Der östlichste Nordosten von Estland ist fast wie Russland; hier leben 97% Russen. Das hörte sich interessant an für uns und wir haben uns auf den Weg in diese abgelegene Gegend gemacht. Beschreibung im Reiseführer: Industrie der Sowjet-Ära, typische sowjetische Arbeitersiedlungen, Abbau von Ölschiefer Sowjet-Beton-Ruinen, BetonWerk, Urananreicherungsanlage, stark russisch geprägtes Grenzland… Und dann in Narva – der Grenzübergang nach Russland.
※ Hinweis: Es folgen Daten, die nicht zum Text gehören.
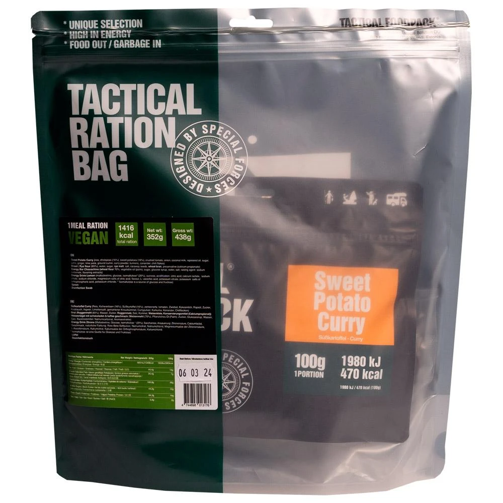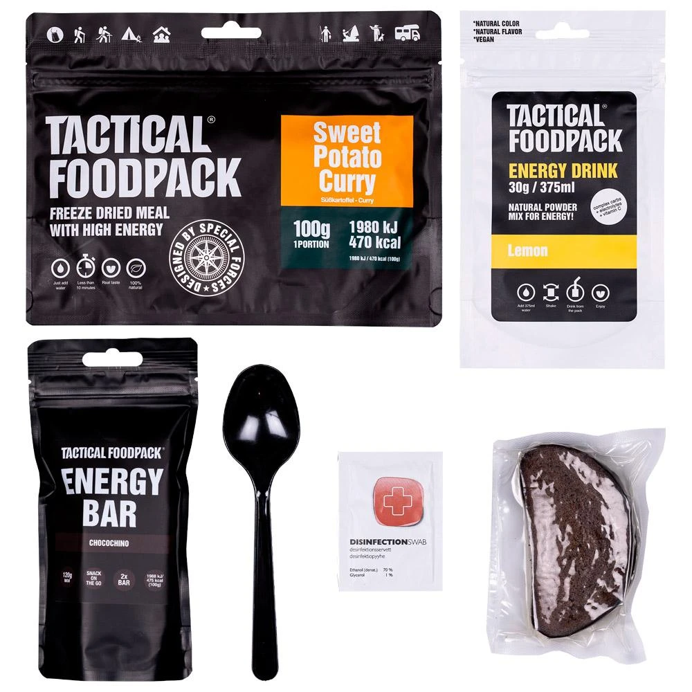 Ne vous laissez pas décourager par la faim lors de vos activités de plein air grâce aux rations de repas lyophilisé Tactical FoodPack. La Ration Vegan 1 Meal Tactical comprend un repas, un en-cas, une barre énergétique et une boisson énergétique pour un regain d’énergie rapide ainsi qu’une lingette désinfectante pour les mains pour une hygiène personnelle impeccable.

Von Tallinn mit einem kurzen Spaziergangsabstecher an die Küste, war Sillamäe unser erstes Ziel. Es war schon die zweite Stadt, in der wir als erstes den Hafen sehen wollten. Aber – das scheinen „reine“ Industriehäfen zu sein. Schon die Straße dorthin ist privat aber befahrbar. Wir sind einfach so weit gefahren wie es geht – bis kurz vor die Hafentore. Und fanden uns in RIESIGEN Holzlagern wieder. Dies ist also eines der Ziele der vielen holztransportierenden LKWs. WOOOOW, unglaublich unfassbar wie viele 3-4 Meter lange Baumstämme sortiert nach Birke, Nadelholz und noch etwas anderem. Meterhohe und hundertemeter lange „Mauern“ aus Baumstämmen. Kaum vorstellbar was für riesen Flächen an Wald das einmal gewesen sein muss – und, ja doch vorstellbar, weil durch diese ewigen Wälder fahren wir seit 2 Wochen… Ganz offensichtlich waren wir an diesen Holzlagerplätzen aber nicht erwünscht.
Eine Stadt wie Sillamäe hatten wir beide noch nicht erlebt. Riesige Gebäude, die einen mit Häusern im stalinistischen Stil (so die Reiseführer Beschreibung der Architektur) die anderen „Arbeiter Baracken“, dicht an dicht. Viele Häuser zerfallen einfach so vor sich hin, manche sehen aus als seien sie einsturzgefährdet aber offensichtlich wohnen Menschen dort und die vielstöckigen „Baracken“ – um Himmels Willen – wer wohnt da, wer möchte da wohnen und was tut man, wenn man da wohnt? Wir sehen viele sehr junge Mütter mit kleinen Kindern – „was soll man hier auch sonst tun“ sagt Moksha. Sillamäe war zunächst ein beliebter Badeort der Oberschicht von St. Petersburg. Dann wurde es zu einem wichtigen Industriestandort ausgebaut. Im Krieg dann ziemlich zerstört und danach unter sowjetischer Besatzung wieder aufgebaut und mit Russen besiedelt. „Sillamäe existierte auf keiner Landkarte und durfte nur mit Sondergenehmigung betreten werden“ schreibt der eine Reiseführer. Der andere schreibt, dass es auch Leningrad 1 oder Moskau 400 genannt wurde. Im Gespräch mit anderen Reisenden haben wir uns auf Silladingsbums geeinigt, das war für uns einfacher.
Nachdem wir gestern kreuz und quer durch die Stadt gefahren sind, sind wir heute noch einmal zurück gekehrt, haben auf einem Parkplatz Mittagessen gemacht und sind die „Promenade“ zum Meer runtergelaufen. Krass, was für ein merkwürdiges Gefühl. Diese Promenade sieht aus wie im reichsten Ort und dann, links und rechts davon die Fassaden schön gemacht und dahinter, Stein auf Stein Baracken, teilweise sehr kaputt, es sieht extrem arm und düster aus. Das war eine beeindruckende Erfahrung.